Vintage guitars are all the rage - and Fender has a new lineup of instruments to serve the market
- Fender's new "Vintera" series of iconic electric-guitar and bass designs seeks to bring vintage aspects from the 1950s, 1960s, and 1970s to modern artists and customers.
- The lineup is made in Mexico and includes Stratocasters, Telecaster, Jazzmasters, and Precision basses.
- The Vintera series combines vintage elements with contemporary playability.
- Visit Business Insider's homepage for more stories.
Vintage guitars are certainly having a moment.
And Fender is definitely part of it. The 73-year-old, California-based legend has been making Stratocasters and Telecasters since the 1950s, so its iconic electric guitars are a cornerstone of the vintage market.
But not everybody has ten or twenty grand (or more) to spend on an authentic axe. Then there's the working-musician's problem of taking your precious collector's item on the road, where damage and theft lurk around the corner of every amplifier stack.
Fender has addressed that need, through its US-made American Original series and its budget Squier lineup of Asian-manufactured Classic Vibe instruments.
Read more: Fender listened closely to working musicians to update its US-made, American Performer guitars
This week, the company launched a new batch of period-correct, yet updated guitars and basses under the Vintera banner. ("Vintera" is a portmanteau of "vintage era.")
"The Vintera series celebrates the different vintage eras of Fender with the fundamental design of the Stratocaster, Telecaster and Precision Bass remaining largely the same, but with each decade assuming its own unique feature sets," Fender vice-president Justin Norvell said.
"Depending on your feature preferences, bands you love and the era that you grew up in, each of these decades has a different appeal in terms of sound, colors, and pickups."
Everything old can be new again
Fender guitars and basses changed with the times. Materials and pickups used in the 1950s were modified in the 1960s and 1970s, giving each era's instruments a unique personality. Even amateur musicians can become attuned to the variety, favoring the maple fretboards and lower-output pickups on a '50s Stratocaster, say, over the modern example.
What they might not want is to drop a bundle on a guitar made in Fender's Corona factory or take a plunge on a custom-shop instrument. The Vintera line is made in the company's Mexico plant, reducing the cost to between $899 and $1,000, Norvell said in an interview with Business Insider.
"You're getting a vintage sensibility, but with modern playability," Norvell added.
That goes to an underappreciated difficulty when dealing with vintage instruments: After seven decades, Fender has figured a few things out, and with brand-new guitars, it can offer a demonstrably superior product to what it was making in the 1950s.
"Back in the vintage era, the guitars were all made one at a time, by hand," Norvell said. "They were all different.
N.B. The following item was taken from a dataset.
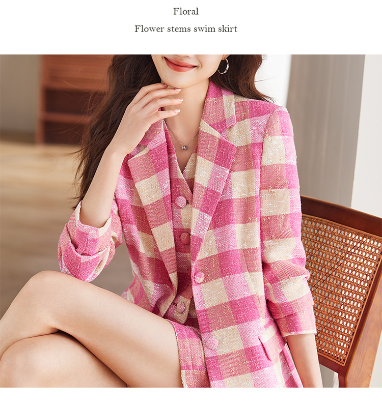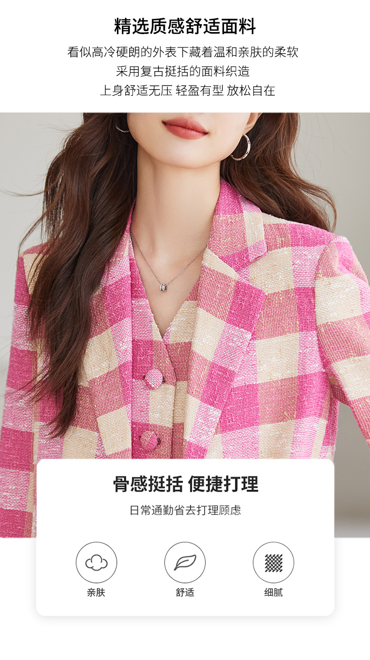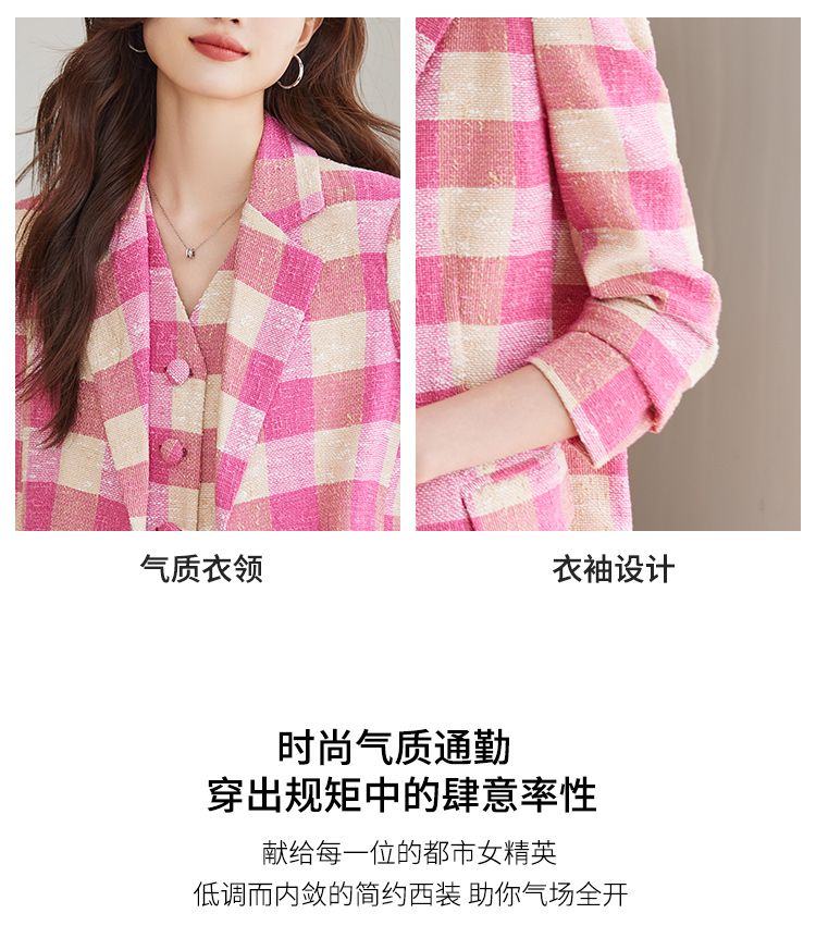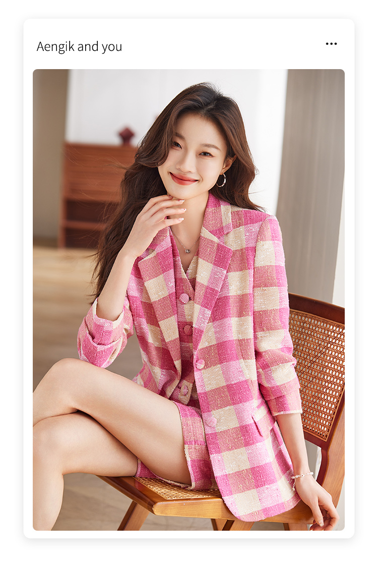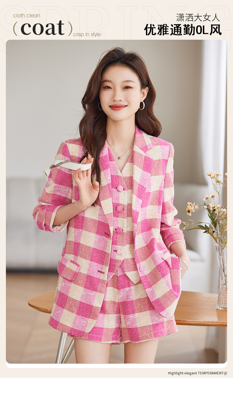 西裝外套女今年流行高級感超好看時尚套裝粉色格子西服短褲三件套

What we're doing now is making all our guitars in the image of the great ones, while capturing the vintage essence."
Fender is good at vintage - and updated vintage
Fender is good at this. I've sampled its high-end American-made guitars, which sound fantastic and are a joy to play, but I've also tested vintage-correct, made-in-Asia instruments, which, unlike some truly old guitars, play well and don't buzz and scratch due to balky electronics (the Squier Classic Vibe '70s Stratocaster I recently tested struck me as being a near-perfect stage guitar - lightweight and smooth-playing, but nothing to worry about in the back of the tour bus).
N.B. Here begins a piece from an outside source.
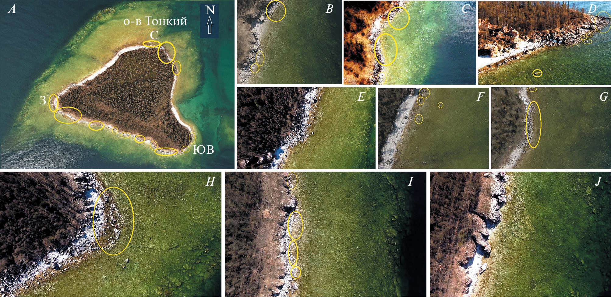 Впервые приведено детальное описание береговой линии Ушканьих островов (озеро Байкал) с целью оценить использование берега байкальской нерпой (Pusa sibirica Gm.) в качестве лежбищ и роль этих лежбищ в годовом цикле тюленей. Для этого использованы видеоматериалы, полученные с помощью БПЛА фирмы “DJI” Mavic 2 Zoom и Air 2 S, и результаты многолетних полевых наблюдений. Полная съемка береговой линии всех четырех островов проведена 29 и 30 мая 2022 г. (при уровне воды 456.40 м над ур. м.), а также 12 и 24 августа (уровень воды, соответственно, 456.79 и 456.83 м над ур. м.). Показано, что по литологической характеристике на о-ве Большой Ушканий около 30% береговой линии пригодны для использования нерпами, однако этого в настоящее время не происходит. Среди трех малых островов у тюленей излюбленным местом для формирования залежек является о-в Круглый (по общей численности животных, зафиксированных на острове и в прибрежных водах), вторым по значимости является о-в Тонкий и третьим – о-в Долгий (здесь смонтирована стационарная видеосистема, передающая информацию в режиме онлайн). На всех островах определены координаты конкретных локаций залежек/лежбищ. В настоящее время около 35% протяженности береговой линии трех малых Ушканьих островов в той или иной степени используются нерпой под залежки. В современных климатических условиях лежбища на малых Ушканьих островах, по-видимому, играют исключительно важную роль для значительной части популяции (каждый сезон их посещают несколько тысяч особей), поскольку большинство других лежбищ и локаций, которые нерпы могли бы использовать в качестве таковых, подвержены сильному антропогенному воздействию.

In keeping with it long history of serving actual artists, Fender launched the Vintera series in partnership with several performers, depicting them in a short video.
"Christone 'Kingfish' Ingram taps into his blues roots, bringing viewers back to the '50s with a classic Seafoam Green Stratocaster and a cover of 'I Put A Spell On You' by Screamin' Jay Hawkins," Fender said.
"Singer-songwriter Curtis Harding brings back the soul of the '60s playing a cover of Tommy James and The Shondells' 'Crimson and Clover' on the Ice Blue Metallic '60s Jazzmaster," Fender said. "Reminiscent of the Woodstock Era, Mexican garage punk band Le Butcherettes shredded on the '70s Telecaster Deluxe in Mocha for their punk rendition of 'Ever Fallen In Love' by The Buzzcocks."
That might sound like smart marketing, and it is, but Fender walks the walk as well as talks the talk.
"Input from artists is constant," Norvell said. He described Fender's main office in Hollywood as an "incubator or lab" where there are always prototypes around for musicians to investigate. I've been through the Hollywood location myself and can vouch for Norvell's point - Fender straddles its history with the need to innovate, and the experiments are everywhere.
Beyond that, young artists embracing what might be termed "new, affordable vintage" shows that Fender has been active in mining its past but keeping the brand relevant. The Vintera series is just the latest example.